Leaving out the pictures, please reproduce exactly and only the lines from the one that contains "写経用紙 手漉雁皮 白色" through the last line below.

Extracted information>
--*--
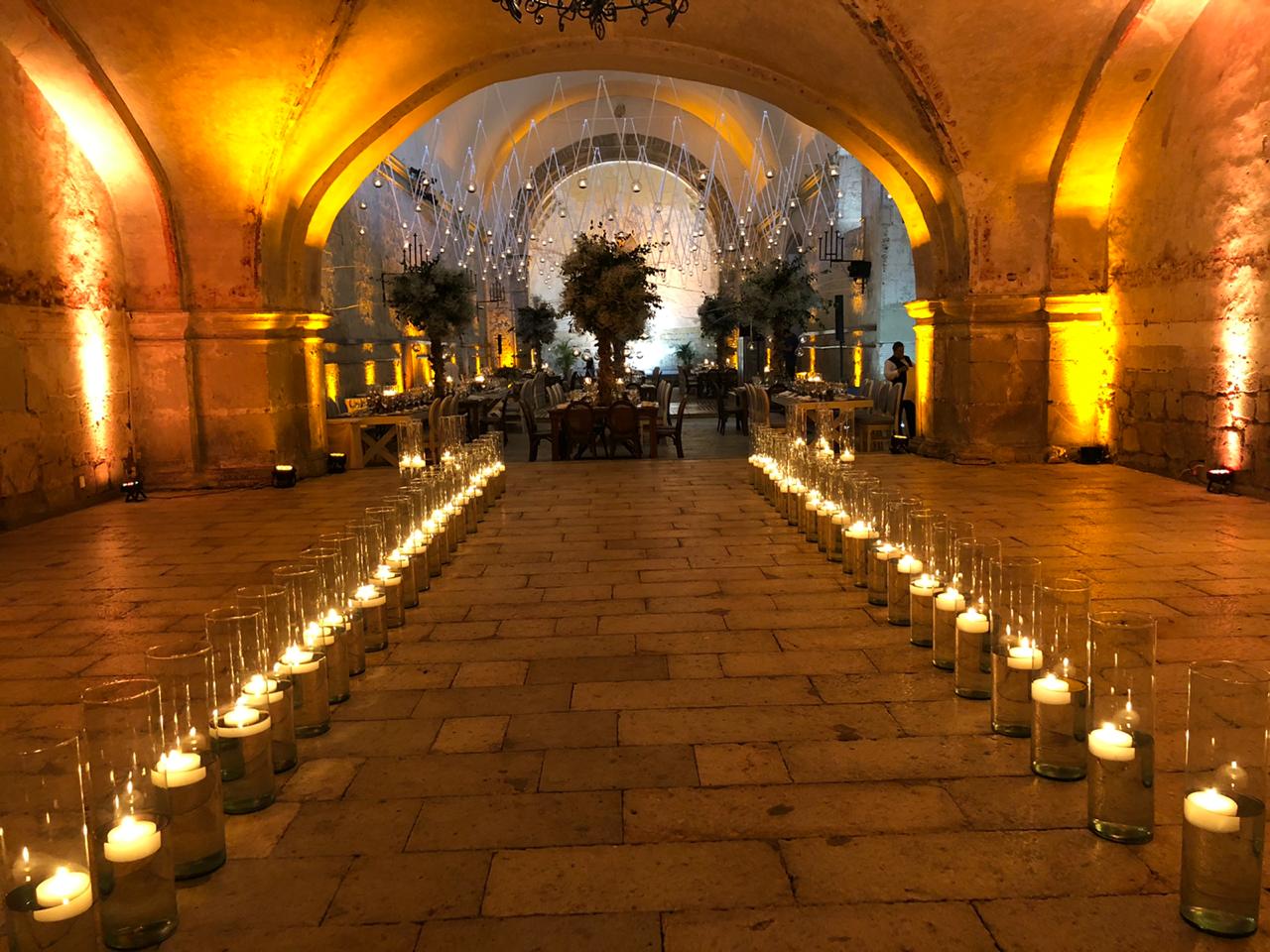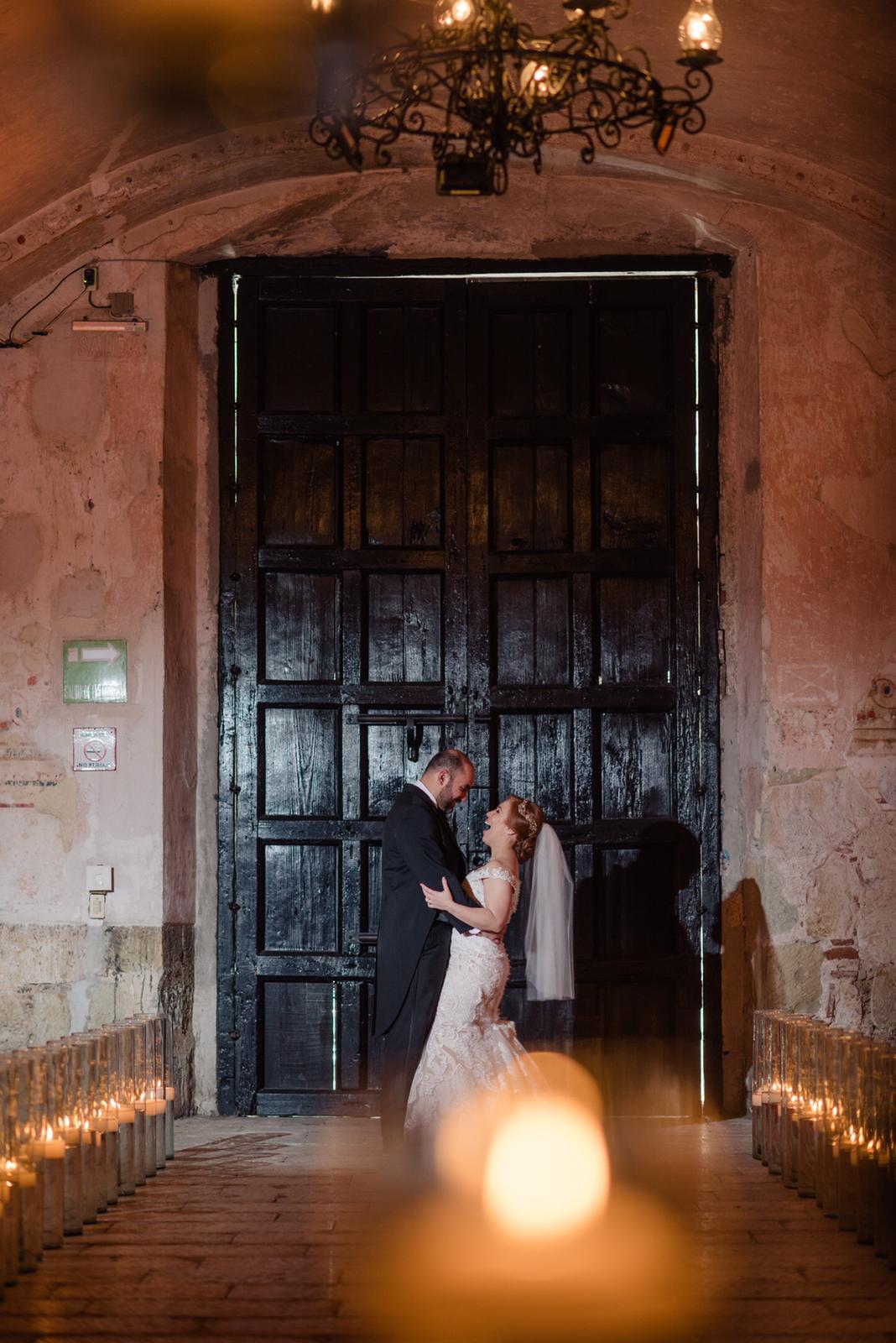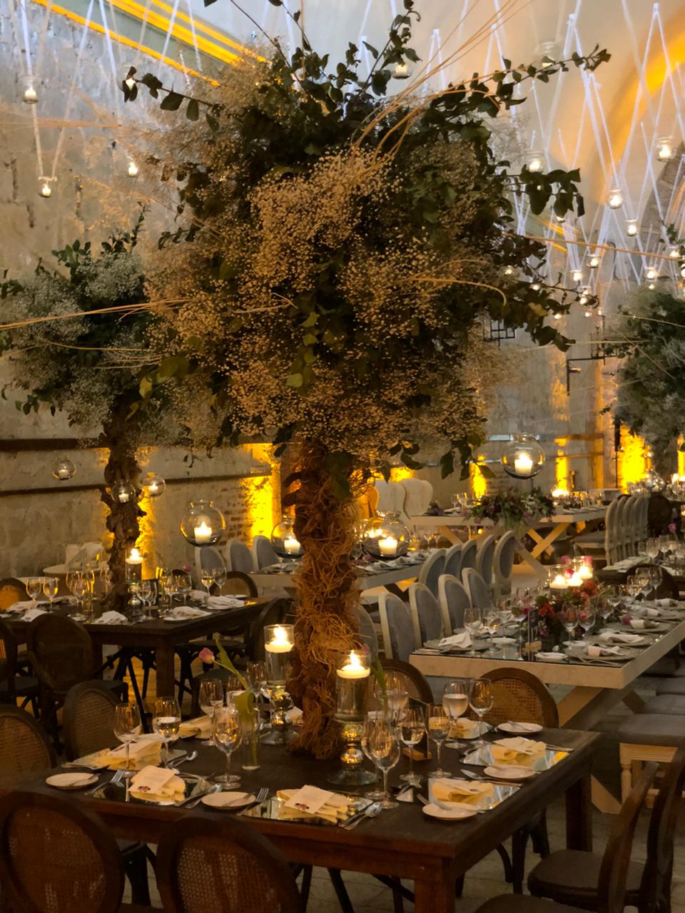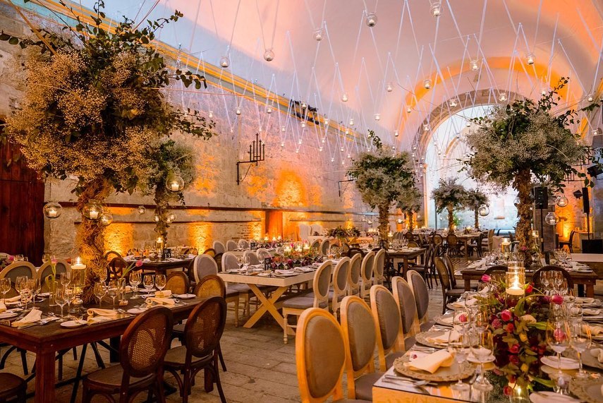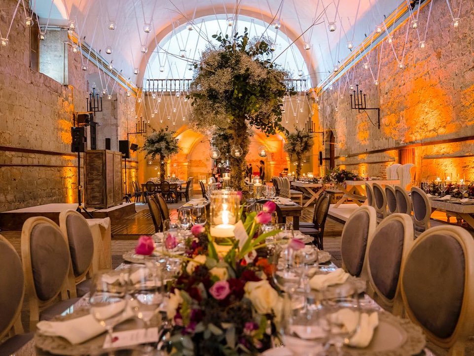 Ya en la recepción, la decoración a cargo de Victorio Amador, Decoración de Eventos, tenía que ir acorde a la arquitectura del lugar, combinando modernidad y tradición, detalles soberbios encuadrados en paredes llenas de historia, ¿se imaginan arboles rodeados de tulipanes dentro de un salón de piedra de siglo XVI iluminado con cientos de velas? Ahí se sirvió la exquisita cena de tres tiempos, el sabor evidentemente tenía que correr a cargo de la herencia mexicana: chiles, quesos, mole y chocolate, fueron los sabores preponderantes.
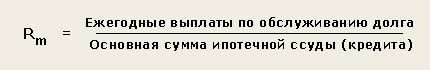 Так как большинство объектов недвижимости покупается с помощью заемного и собственного капитала, коэффициент капитализации должен удовлетворять требованиям доходности на обе части инвестиций. Величина данного коэффициента определяется методом связанных инвестиций или техникой инвестиционной группы. Коэффициент капитализации для заемных средств называется ипотечной постоянной и рассчитывается по следующей формуле:
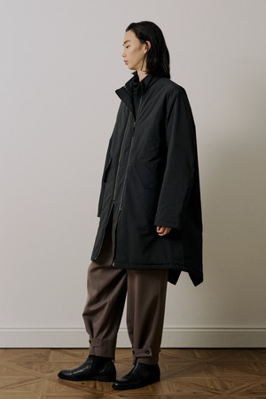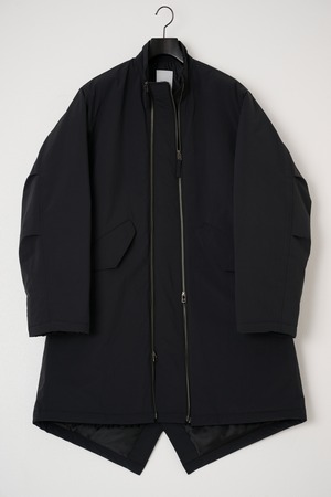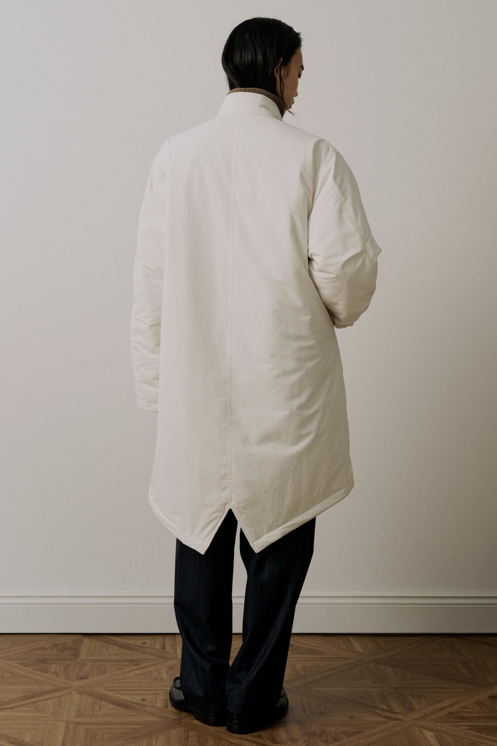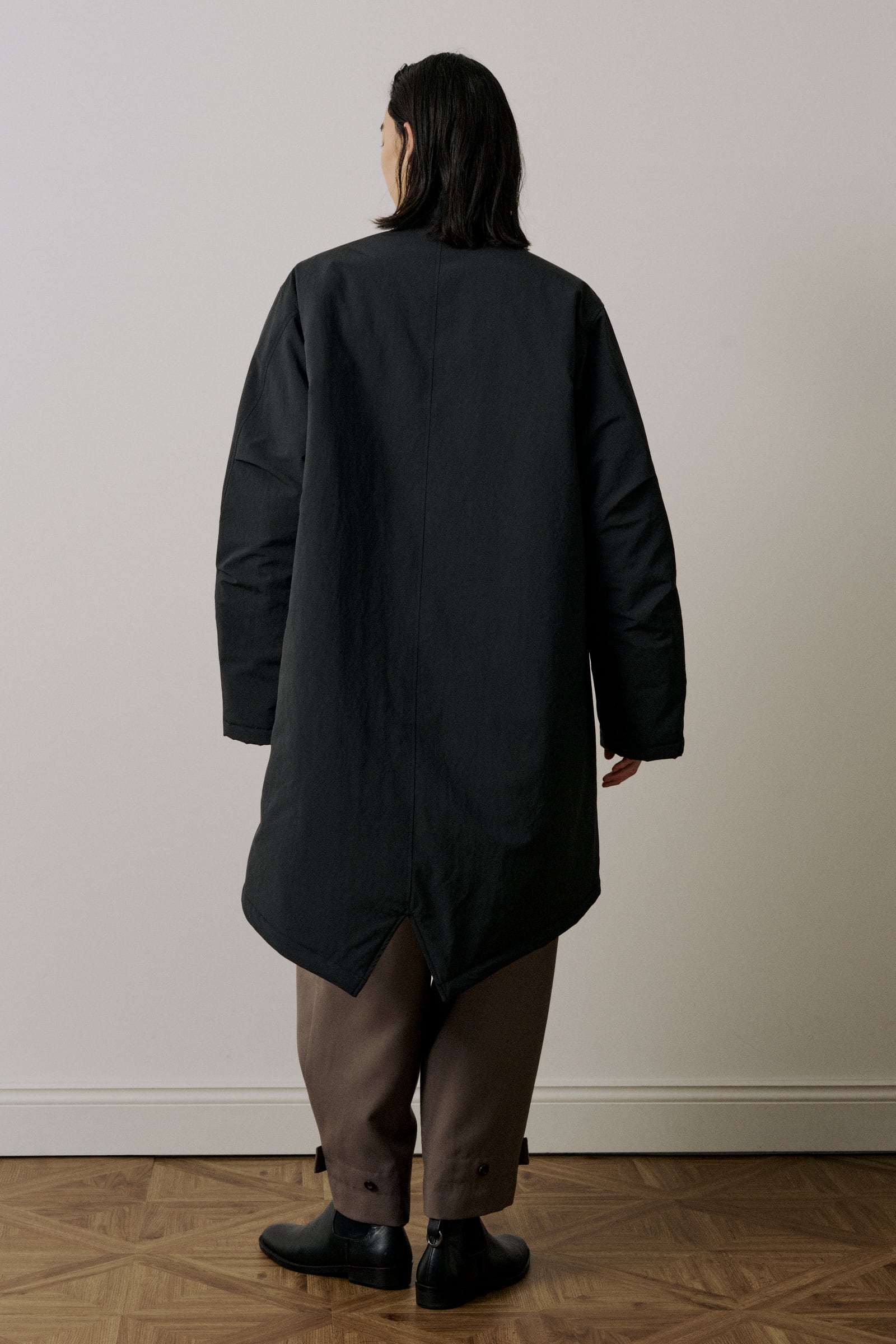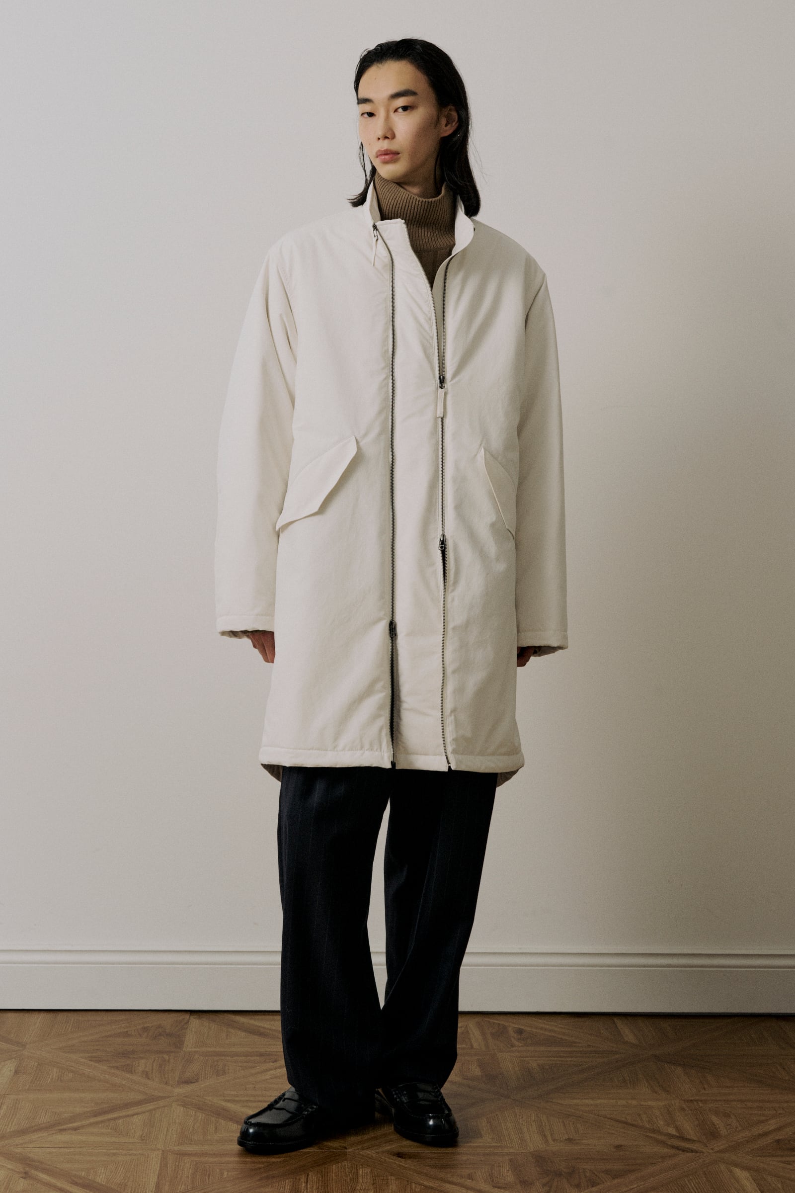 モッズコートをベースに、ダブルファスナー仕様にアレンジし、ミニマルなディテールで都会的なデザインに仕上げました。裏地には光電子の綿を使用したキルティングを採用し、軽さと高い保温性を両立しています。
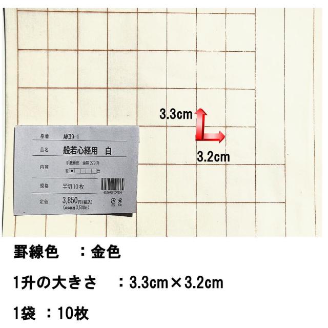 写経用紙 手漉雁皮 白色 半切 1袋10枚入 にじまない 加工紙 金罫 品番:AK39-1 | 写経 書道用品 半紙屋e-shop
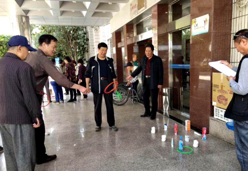 此次运动会从安全性和趣味性考虑,精心准备了5个活动项目,分别是飞镖、钓瓶子、丢筷子、套圈、倒数数。活动现场气氛热烈,紧张活泼,每个项目前都人流不断,老同志们个个热情高涨、积极参加。
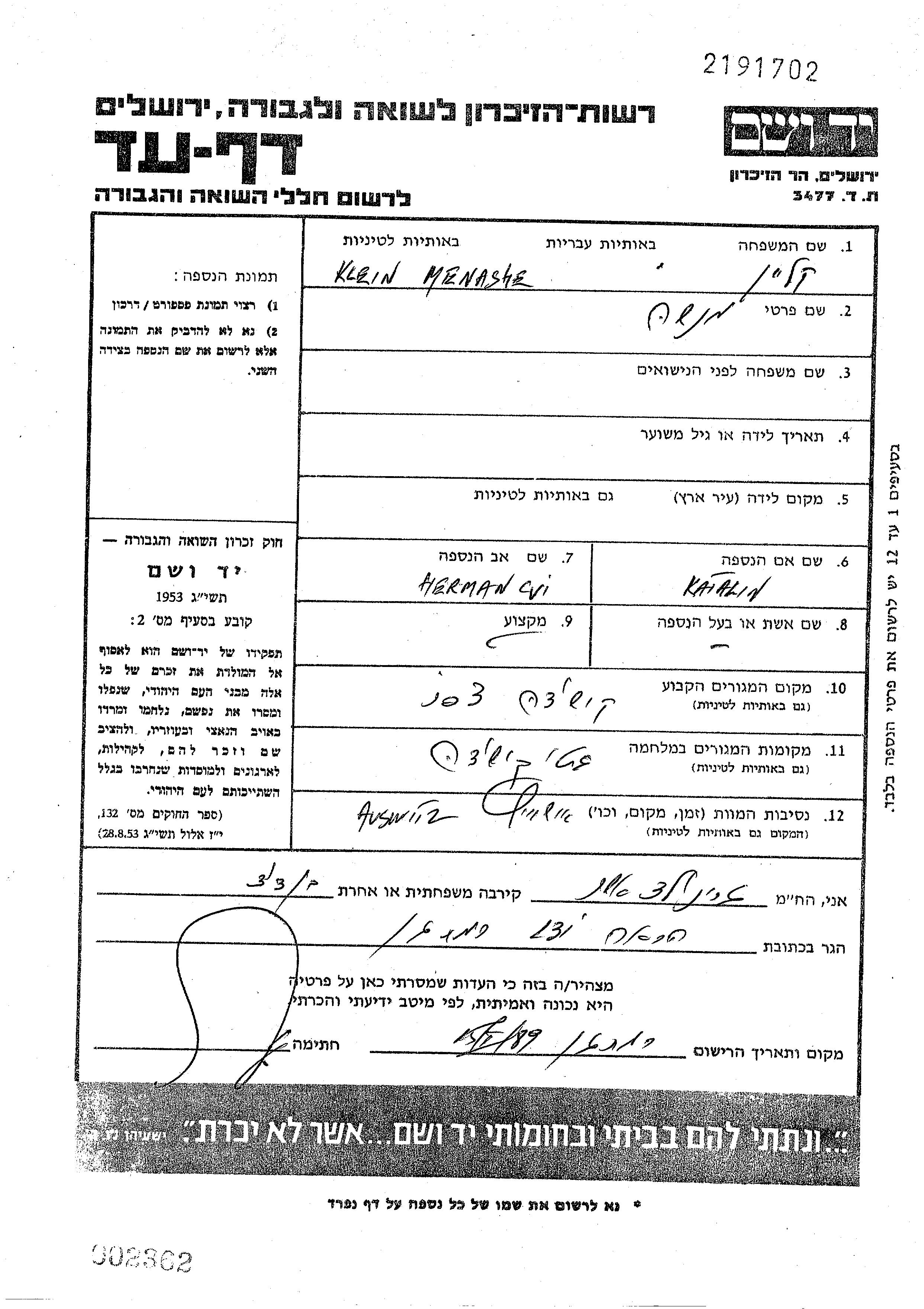 Клейн Менаше Кошице, Чехословакия Лист свидетельских показаний
--*--
Expected answer>
 写経用紙 手漉雁皮 白色 半切 1袋10枚入 にじまない 加工紙 金罫 品番:AK39-1 | 写経 書道用品 半紙屋e-shop
 此次运动会从安全性和趣味性考虑,精心准备了5个活动项目,分别是飞镖、钓瓶子、丢筷子、套圈、倒数数。活动现场气氛热烈,紧张活泼,每个项目前都人流不断,老同志们个个热情高涨、积极参加。
 Клейн Менаше Кошице, Чехословакия Лист свидетельских показаний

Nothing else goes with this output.